Rising debt at state firms among biggest challenges facing China’s economy
March 29, 2016 Category Finance, Weekly
Mounting debt and slow reform at state-owned enterprises (SOEs) are the biggest challenges to China’s economic outlook. “The biggest risk is the huge buildup of credit relative to GDP, though it is not an across-the-board problem,” Nicholas Lardy, Senior Fellow at the Peterson Institute for International Economics, told the South China Morning Post on the sidelines of the Boao Forum. “The buildup of credit is primarily in state-owned enterprises,” he said. “If you look at private companies in the industrial sector, their leverage ratio is actually going down.
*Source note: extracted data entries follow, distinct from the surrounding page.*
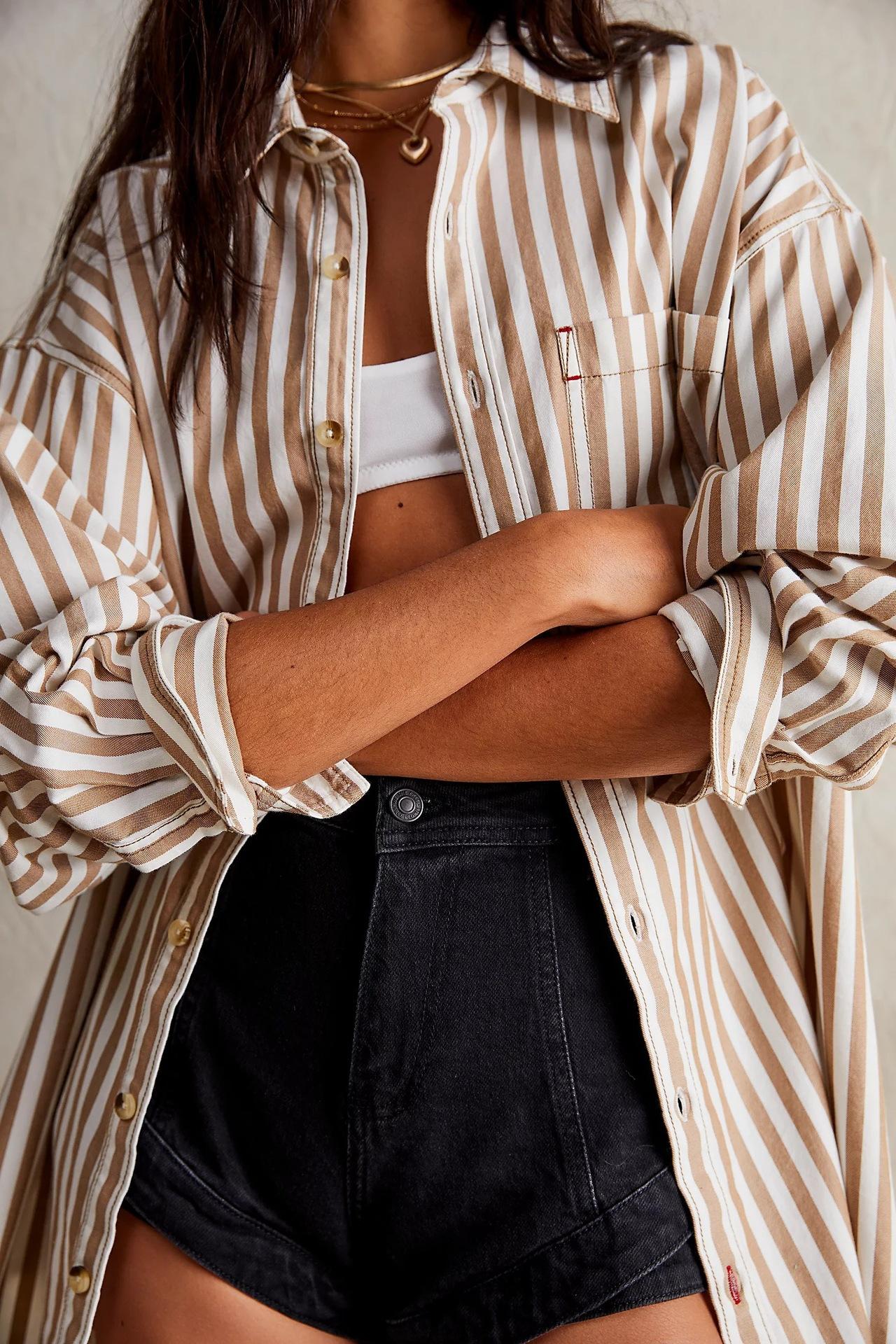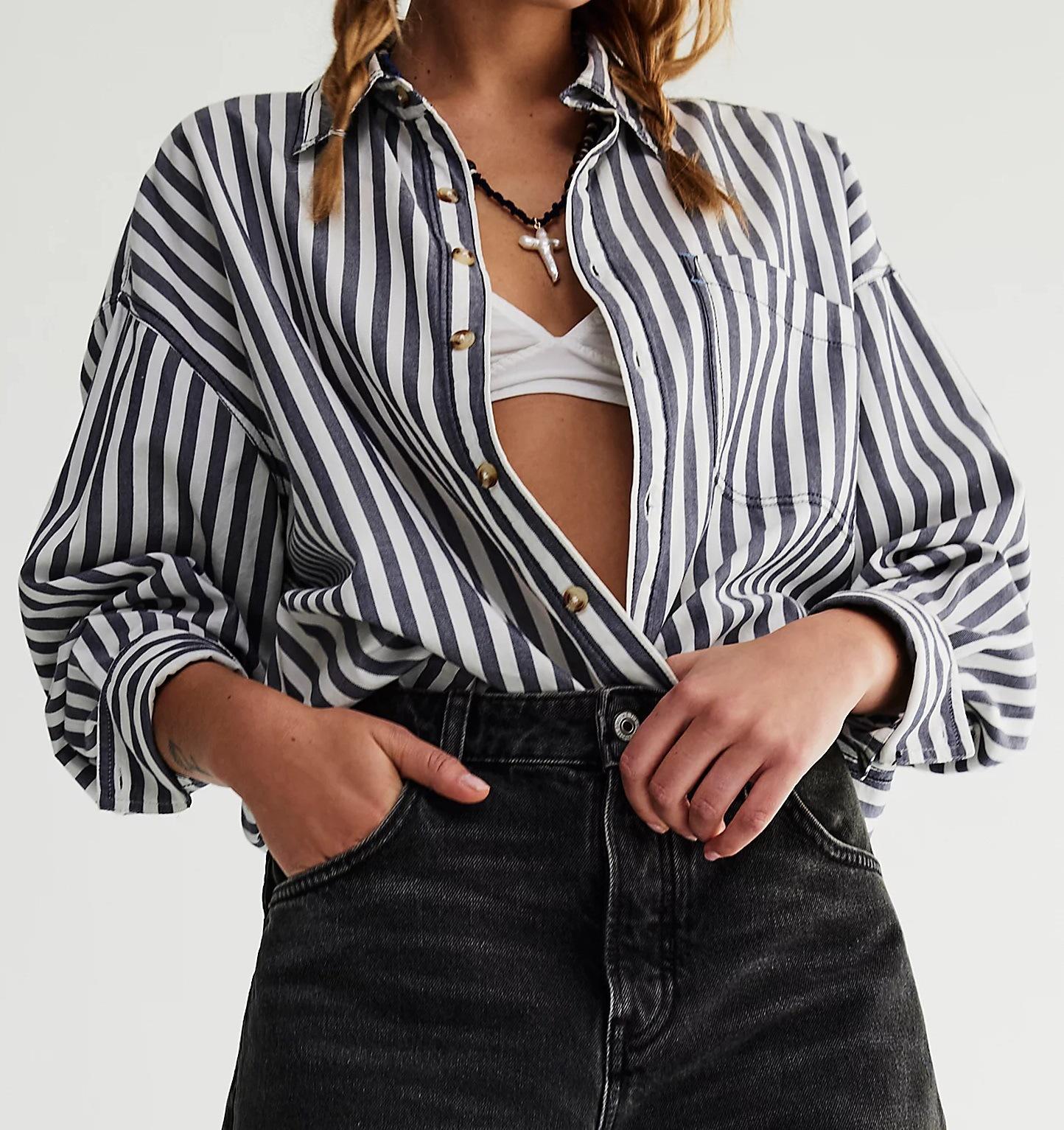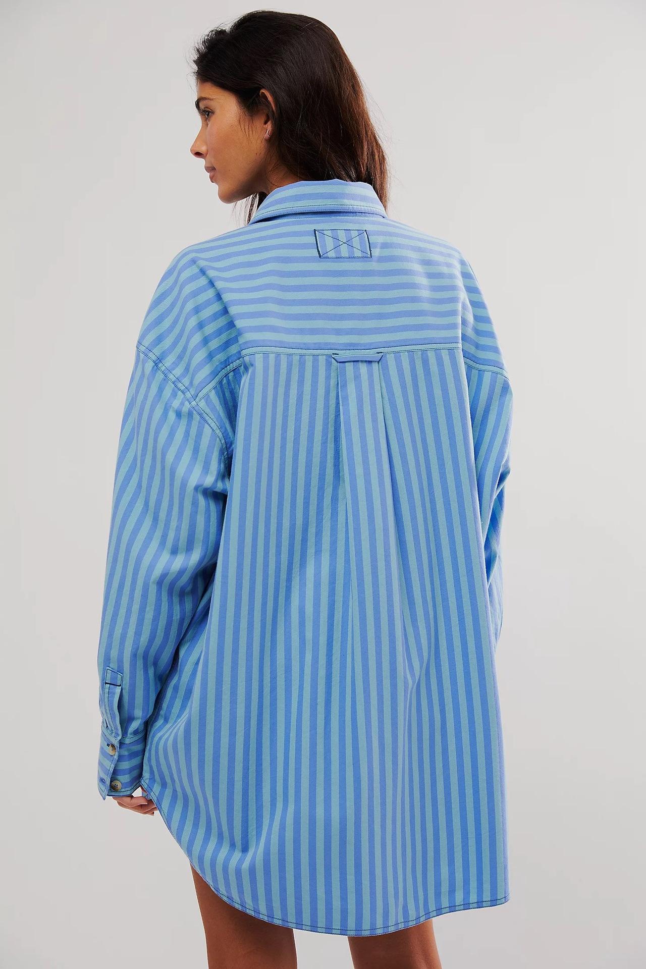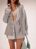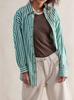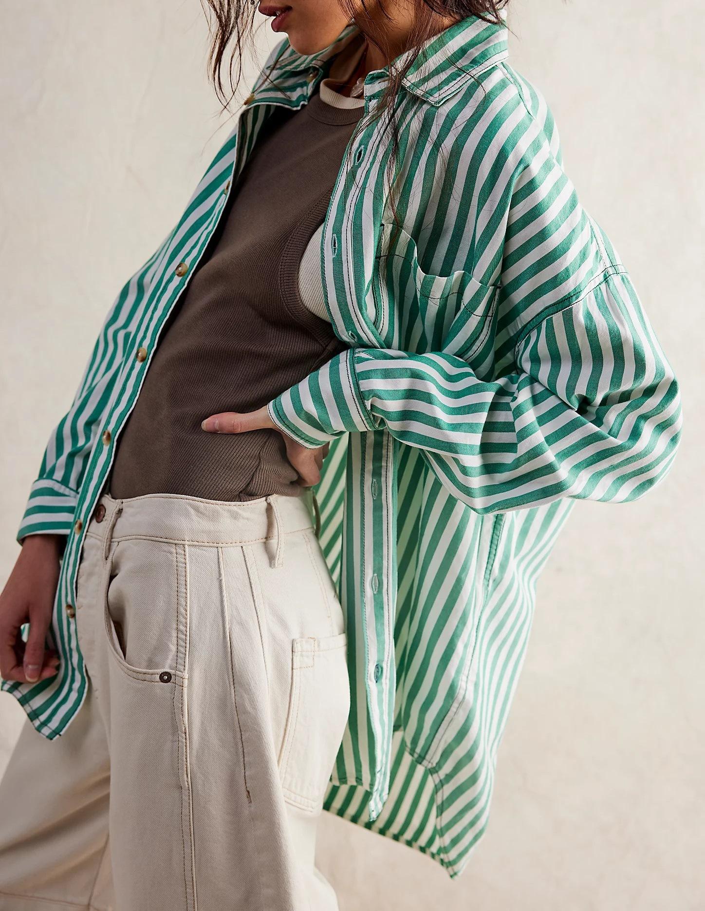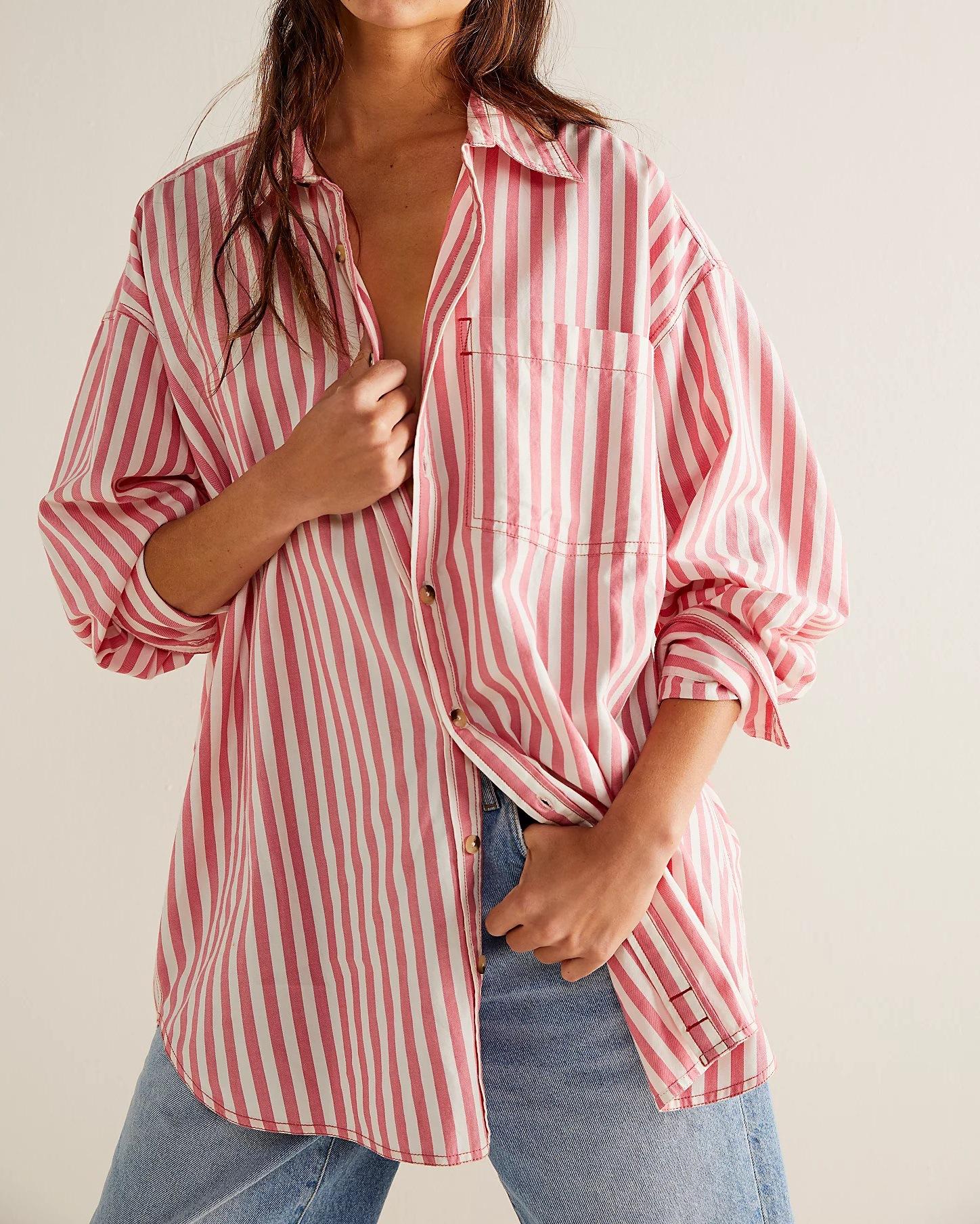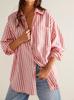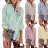 Europeo y Americano Transfronterizo 2024 Nuevo Amazon Estilo Occidental Combinable Holgado Casual Rayado Largo Medio Manga Larga Camisa Abotonada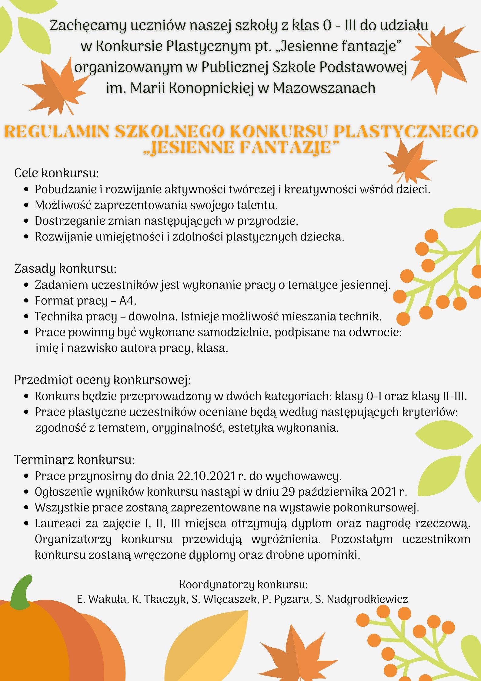 Zachęcamy uczniów naszej szkoły z klas 0 – III do udziału w Konkursie Plastycznym pt. „Jesienne fantazje” organizowanym w Publicznej Szkole Podstawowej im. Marii Konopnickiej w Mazowszanach.
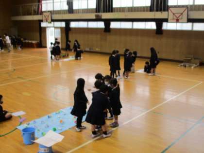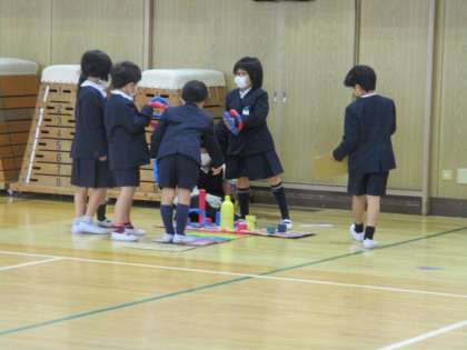 2年生は生活科のおもちゃ名人で「トコトコぐるま」や「パッチン」「ワイワイさかなつり」「わなげ」「たまいれ」「ボーリング」のお店を作りました。国語科の「あそびかたをせつめいしよう」の学習と関連させ、1年生に遊び方やルールを説明していました。
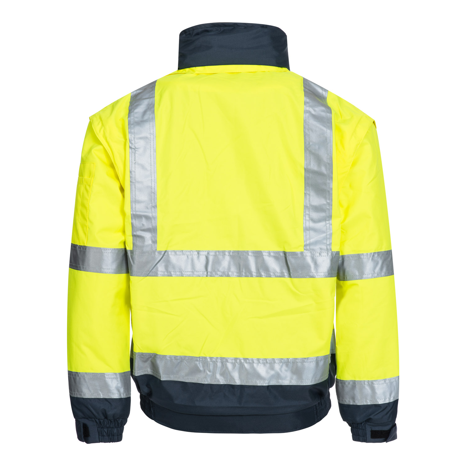 NITRAS MOTION TEX VIZ PLUS, warning protection pilot jacket, neon yellow / blue, detachable sleeves, high-quality, removable polar fleece, detachable, unlined hood, two breast pockets and two side pockets, Smartphone pocket, sleeve pocket, napoleon pocket, inside pockets, circumferential Scotchlite™ reflective 3Mstripes, 2-way zip, detachable winter hood optionally available, breast pocket with inside loop for identification pockets
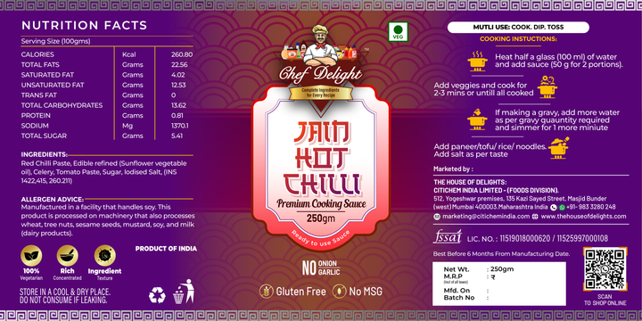 Chef Delight Jain Hot Chilli Sauce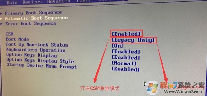 3、切换到Boot,把Boot Mode从UEFI改成Legacy only引导模式,再把csm默认disabled改成enabled,开启兼容模式,选择F10保存设置,在弹出的选项中选择YES,如截图哦: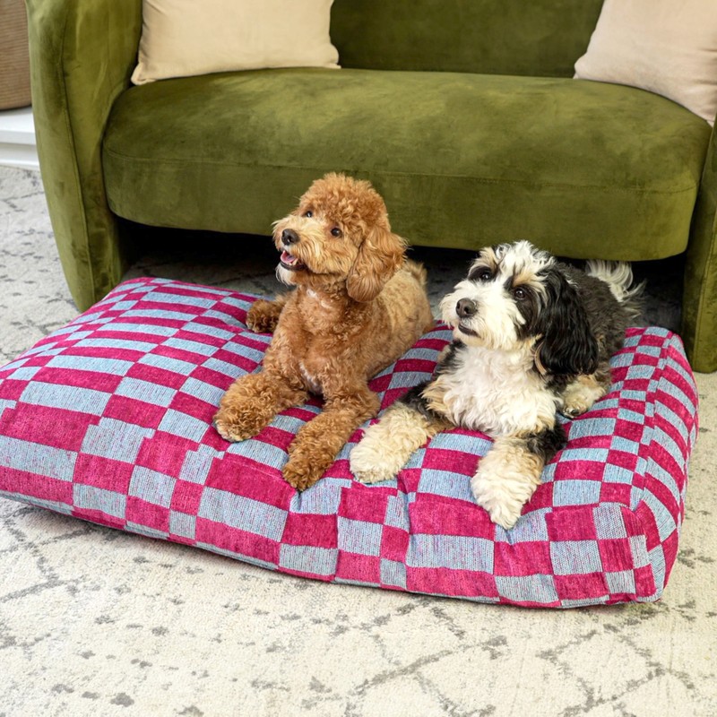 THE LICKER STORE DBD3001C-XL Mabel 49.5" x 31.5" Designer Modern Ultra Soft Reversible Plush Rectangular Pet Bed with Washable Cover, Blueberry Check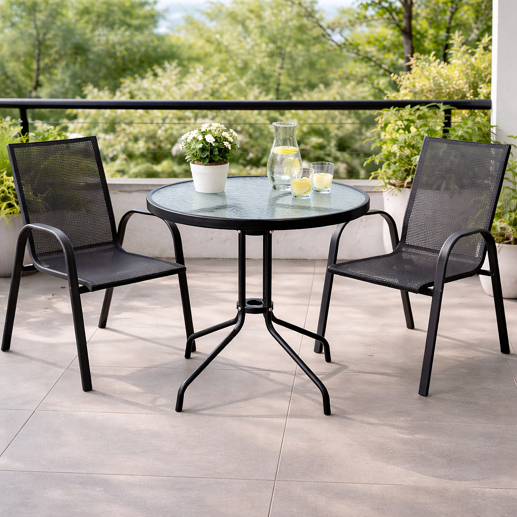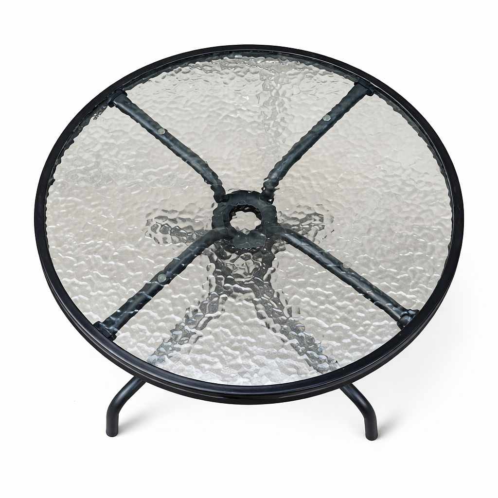 Kulatý zahradní stůl s pevným kovovým rámem a texturovanou skleněnou deskou, vhodný pro zahrady, terasy, kavárny, altánky, balkóny.

The leverage ratio for state firms is skyrocketing. Some of them are not borrowing money to cover investment, but to cover their operating costs.” That is one of the concerns economists noted in the wake of the lending spree in January when new bank credit hit an all-time high of CNY2.51 trillion. “I don’t think there would be a danger of a medium-term banking crisis, but if the debts just keep piling up, eventually, there will be a banking crisis. You cannot slow down the debt if there are no big efforts to deal with state-owned companies,” Lardy said. Li Yang, former Deputy Director of the Chinese Academy of Social Sciences (CASS), said at the forum that a new financial oversight regime may be finalized in months. It is widely expected that the three watchdogs for securities, banks, and insurance will be merged to guard against regulatory loopholes.